I see you lookin' over there.....
Zander

Trad climber
Berkeley
Topic Author's Reply - Jul 21, 2009 - 01:14am PT
Oh Yeah, Bluering,
Clouds Rest, My Favorite Things 10a, Gotta get on it.
Zander
Ed Hartouni

Trad climber
Livermore, CA
Jul 21, 2009 - 01:14am PT
nice one Zander... when you roll you roll...

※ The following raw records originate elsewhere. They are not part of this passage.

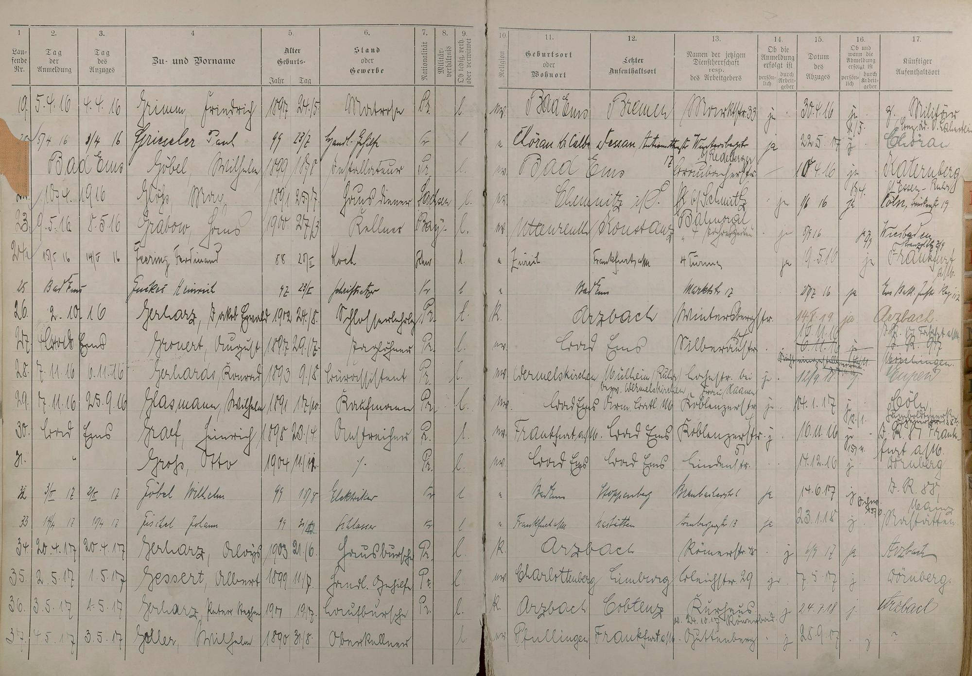 Melderegister der Gewerbegehilfen, Gesellen und Dienstboten Mai 1915 - Mai 1923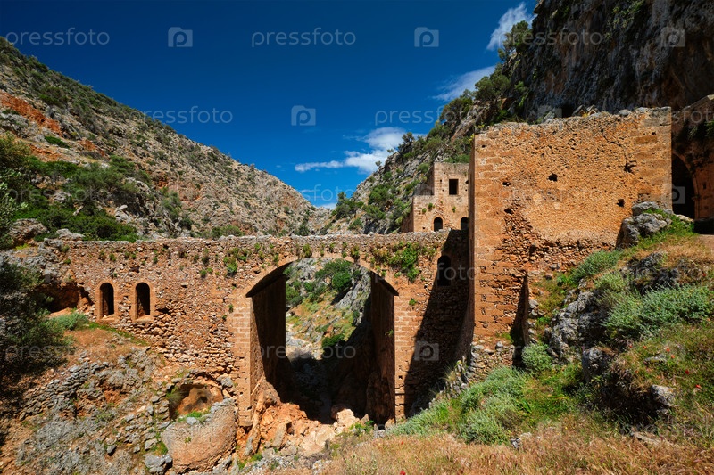 Руины заброшенной католической монастырской церкви в ущелье Аулаки, полуостров Акротири, регион Хания на острове Крит, Греция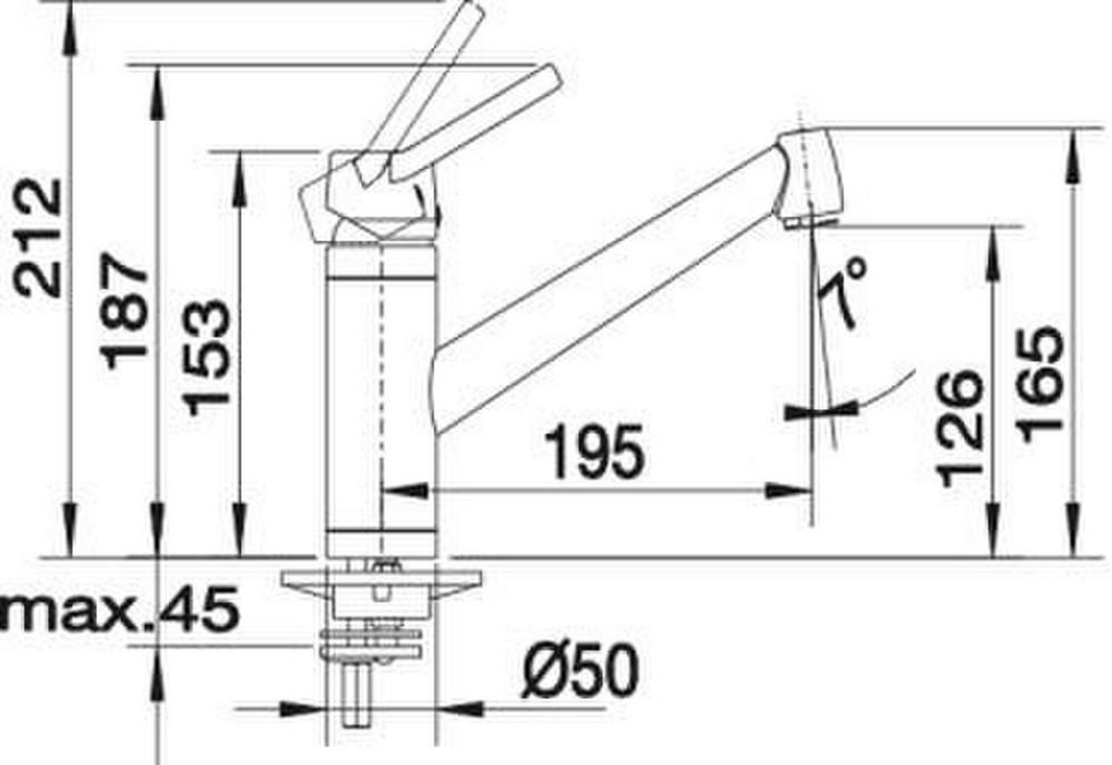 Kuchynská batéria, Maximálna výška: 212 mm, S keramickou kartušou
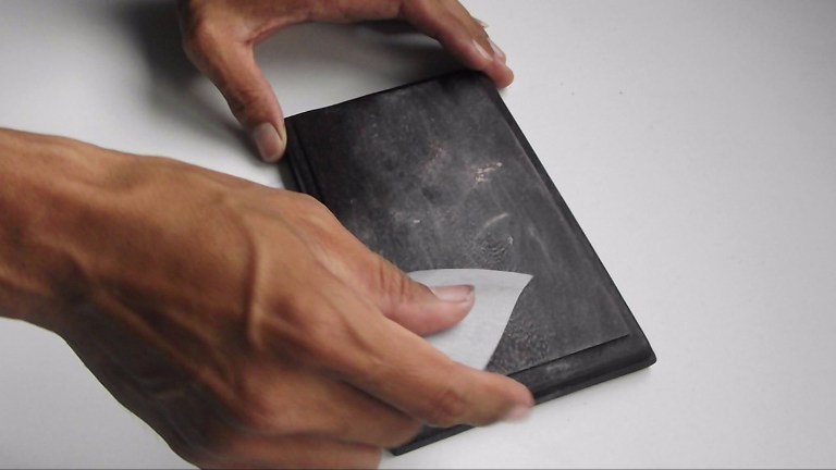 - Gunakan lap bersih yang sudah dibasahi dengan air, gosokkan pada bagian-bagian yang diinginkan sampai tampak lapisan/warna di bawahnya agar kesan kayu antik makin terlihat.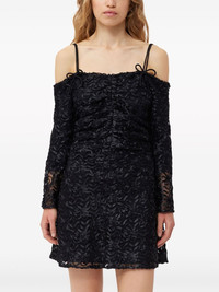 off-shoulder bow-pattern minidress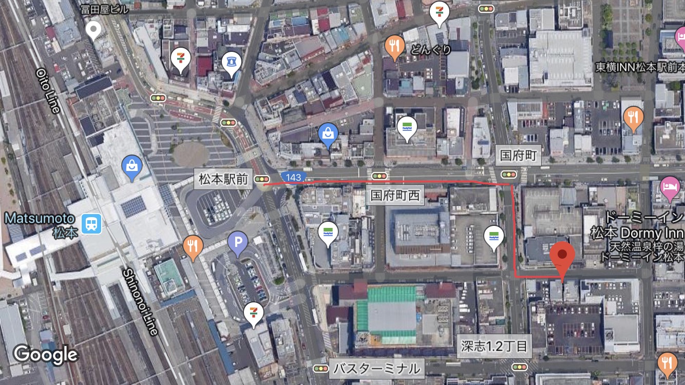 พิกัดร้าน อยู่ไม่ไกลจากสถานีมัตสึโมโต้นัก เดินประมาณ 5 นาทีก็ถึงร้าน จากถนนหน้าสถานีเดินตรงขึ้นไปตามถนนที่จะไปพิพิธภัณฑ์ศิลปะเมืองมัตสึโมโต้ เดินเรื่อยๆ จนถึงแยกไฟแดงที่ 2 แยก “kochou machi” แล้วเลี้ยวขวา ตรงทางเข้าร้านจะเป็นร้านให้เช่ารถของโตโยต้า เลี้ยวเข้าตรงซอยข้างร้านเช่ารถของโตโยต้าประมาณ 10 เมตร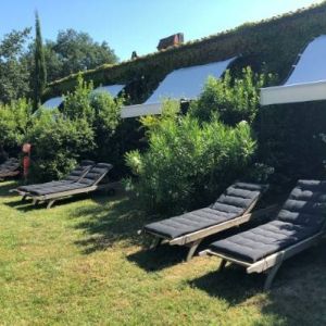 Az 'újabb' épület egy hosszúkás, földszintes kőépület az erdei tisztáson, amiben 5 apartman van, egymás után sorban. Hasonló beosztásúak és két oldalról is van ajtajuk, nagy üveges ajtó elöl és hátul hátsóbejárat a kertbe, sövénnyel elválasztva, kinti asztalokkal, de van napernyő, napágy is. Az autókat a fák alatti parkolóban lehet hagyni, van kinti grill is. Az erdőben több kijelölt turistaútvonal is van amin sétákat lehet tenni. A kertben egy kis medence de ahogy az apartmanok ez sem alkalmas kisebb gyerekeknek lubickolásra...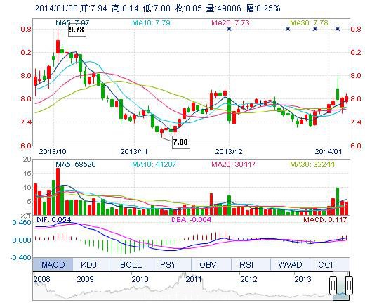 | 最 高: | 8.14 | 成交額: | 3946.87萬(wàn)元 | 換手率: | 1.78% |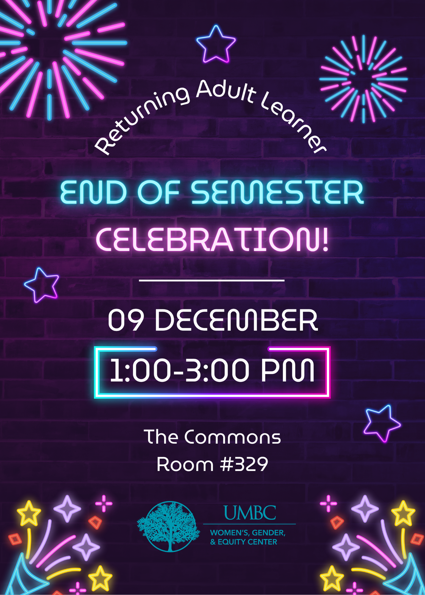 On Tuesday, December 9th, the last day of classes, from 1:00-3:00 PM we will hold our Returning Adult Learner End of Semester Celebration! This will take place in the Commons room #329, and food will be provided. We will celebrate Returning Adult Learners who are graduating this semester and acknowledge all of your hard work as the semester comes to a close!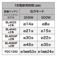 庫内容量8Lで大きな弁当も入るサイズ。「40Vmax リチウムイオンバッテリ」が1個あれば、場所を選ばずどこでも温めることができます。バッテリは2個装着可能で、「BL4080F」(別販売品:8.0Ahの40Vmax リチウムイオンバッテリ)を2個使用すれば、満充電で冷蔵弁当(500Wで3分間)を約11回、飲み物(200ml)(500Wで1分35秒)を約20回温めることができます。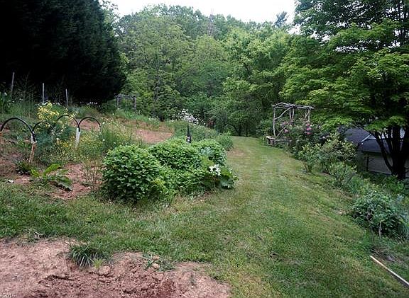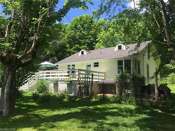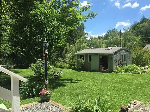 Sunny and cozy 1.5 story renovated home on almost one beautifully cultivated acre. Spring fed pond, chicken coop, and 6 different varieties of berries. Orchard w/cherry, peach, pear and apple trees. (Non-certified) organic gardens are fully planted with vegetables and culinary/medicinal herbs. Currently used as a cash-generating business. Convenient to Asheville and downtown Marshall. Two outbuildings. One is currently being used as a pottery studio, 12x20, fully insulated/220 power.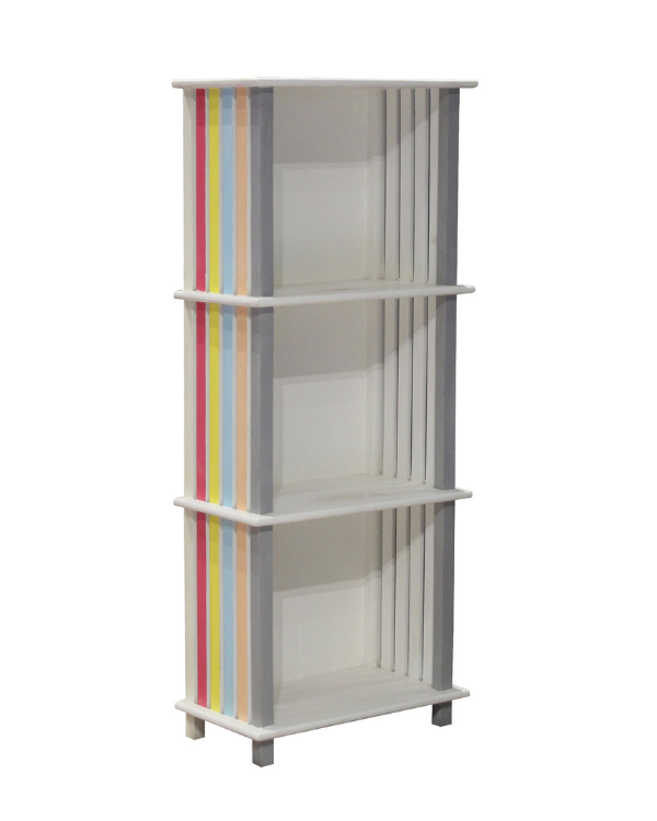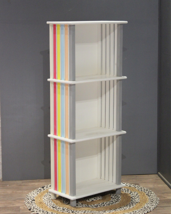 The bookshelf stands out with its unique design, adorned with beautiful coloured wood strips on both sides, creating a delightful contrast against the white finish.
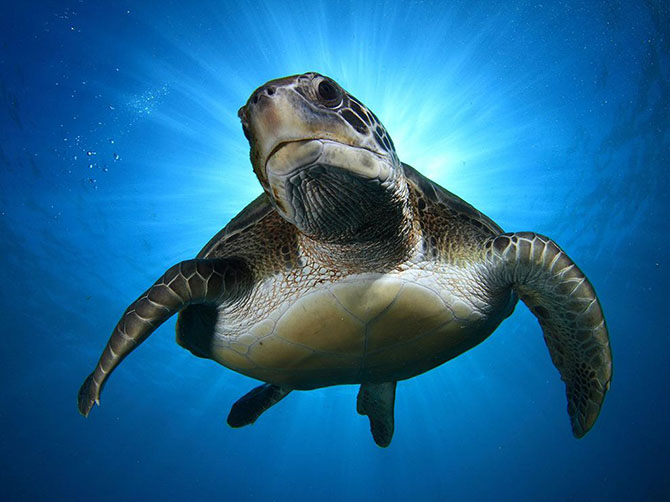 Зеленая черепаха на побережье Тенерифе на Канарских островах. Зелёная черепаха — крупная, длина панциря от 80 до 150 см, масса — от 70 до 200 кг, очень редко достигает длины 200 см и массы 400—500 кг. Несмотря на название, окраска зелёной черепахи сверху не только оливково-зелёная, но и часто тёмно-коричневая, с желтоватыми и белыми пятнами и полосами.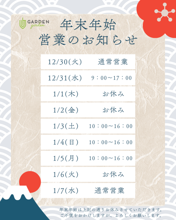 本年も1年間、ガーデンガーデンをご愛顧いただき誠にありがとうございました。

we need to schedule a date for this year's little climb...
rockermike

Mountain climber
Jul 21, 2009 - 01:16am PT
I know its not so well known but earlier this season we did (RA linked up with) North Dome South Face. Damn nice route too in my opinion, and you get cracks to stick things in - fun fun fun
Zander

Trad climber
Berkeley
Topic Author's Reply - Jul 21, 2009 - 01:17am PT
Ed,
I'm trying to get in shape so I can stay with you. I think I'm ready though. Let talk amongst ourselves.....
Oh yeah!
Zander
Zander

Trad climber
Berkeley
Topic Author's Reply - Jul 21, 2009 - 01:18am PT
Jaybro,
I thought of that. I was pretty tired though. Glad to just plod on back to the car. I'm getting kinda old.
Zander
Jaybro

Social climber
Wolf City, Wyoming
Jul 21, 2009 - 01:20am PT
How many pitches is eyeore's?
What's the soundtrack for that route on cloud's rest?
Zander

Trad climber
Berkeley
Topic Author's Reply - Jul 21, 2009 - 01:24am PT
I think Eyeore's is only five pitches.
Gotta be Coltrane for Cloud's Rest. I don't have that album though.
Zander
micronut

Trad climber
fresno, ca
Jul 21, 2009 - 01:25am PT
Way to rock it.....Bushwacking is for real men. Gyms are for kids. I bushwack regularly. Keeps me fit. Well done. Honestly....I once bushwacked on the approach to Nutcracker. Don't ask.
nick d

Trad climber
nm
Jul 21, 2009 - 01:27am PT
Sounds like you had great fun! What is that beatiful flowering bush? The flowers are lovely.

Thanks for posting up!
rockermike

Mountain climber
Jul 21, 2009 - 01:28am PT
OK, since we're talking about it; is there an easier way to get from the top of ND down to the base of CJ? this is the second story I've heard recently about horrendous bush waking.
paul roehl

Boulder climber
california
Jul 21, 2009 - 01:35am PT
The Bush: Western Azalea...very fragrant. Makes me want to leave tomorrow. Thanks.
Largo

Sport climber
Venice, Ca
Jul 21, 2009 - 01:40am PT
That's the best quality rock on the universe. Dan Dingle (FA) was a student of mine when I was a first year grad student.

JL
Reilly

Mountain climber
Monrovia, CA
Jul 21, 2009 - 01:49am PT
That's the best slab route this side of Darrington.
It must be a lot more enjoyable now that the 'spinners'
have been replaced.
elcap-pics

climber
Crestline CA
Jul 21, 2009 - 02:29am PT
Nice stuff Zander.... I did that route with a young woman who lead all the hard stuff while I did all the run out stuff. Great climb... hope the old quarter inchers have been replaced. Long way between them!!
later Tom
Les

Trad climber
Bahston
Jul 21, 2009 - 07:51am PT
Holy sea of granite, Batman! wow! every pitch looks exactly the same! Looks like a beautiful route - thanks for sharing!
Ed Hartouni

Trad climber
Livermore, CA
Jul 21, 2009 - 08:57am PT
the easiest way from the top to the bottom is to go down the slabs to the west of the vegetated gully, best with an altimeter, to the proper contour and then bushwack east to the base of the climb.

Peter Haan

Trad climber
San Francisco, CA
Jul 21, 2009 - 11:47am PT
micro-note: For those who love these Azaleas, there is a large grove of them at the top of the NA wall area, right on the edge, living on the seepage there. They get quite tall too, like over 8ft there. The fragrance is incredible when they are in bloom.